By on July 10, 2020


As you read earlier this morning, Rivian founder and CEO R.J. Scaringe isn’t all that impressed with the ability of some EV startups to wow Wall Street with lofty talk and exciting, but perhaps empty, promises. He’s more concerned with getting product out the door.

It’s perhaps because of Rivian’s conventional approach to car building that big-name firms seem more than willing to put their cash behind it. On Friday, the EV startup landed another bundle, and it’s a big one.

A new investment round led by T. Rowe Price swelled Rivian’s coffers by a further $2.5 billion, boosting its take to somewhere in the area of $6 billion. Late last year, another round of funding saw Rivian amass an extra $1.3 billion. The cash is needed to get the R1S SUV and R1T Pickup into production in Normal, Illinois and into customer hands early next year.

Among the financial backers this time around were Soros Fund Management LLC, Coatue, Fidelity Management and Research Company, and Baron Capital Group.

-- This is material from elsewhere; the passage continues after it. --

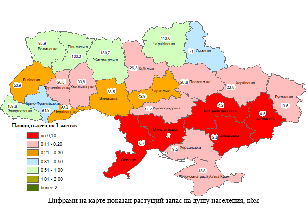Украина – крупная лесная держава. По объему заготовки древесины она занимает десятое, общей площади лесов – восьмое, растущему запасу стволовой древесины – шестое место в Европе (табл.1.,рис.1). Значительно хуже показатели относительной лесообеспеченности страны. По площади и запасу растущего леса в пересчете на одного жителя она находится, соответственно, на 27 и 21 месте. Показатели лесообеспечнности в границах областей Украины различаются на два порядка (рис.2). Если в Запорожской области на одного жителя приходится менее 3 кбм растущего запаса (меньше, чем в Туркменистане, но больше, чем в Израиле), то в Закарпатской, – 160 кбм (меньше, чем в Скандинавских странах, Латвии и Эстонии, но больше, чем в Словении, Австрии и Литве).

Amazon and BlackRock, which already poured in their dollars in past funding rounds, poured in a little more.

“We are focused on the launch of our R1T, R1S and Amazon [van] delivery vehicles,” Scaringe said in a statement. “With all three launches occurring in 2021, our teams are working hard to ensure our vehicles, supply chain and production systems are ready for a robust production ramp up. We are grateful for the strong investor support that helps enable us to focus on execution of our products.”

[Image: Amazon]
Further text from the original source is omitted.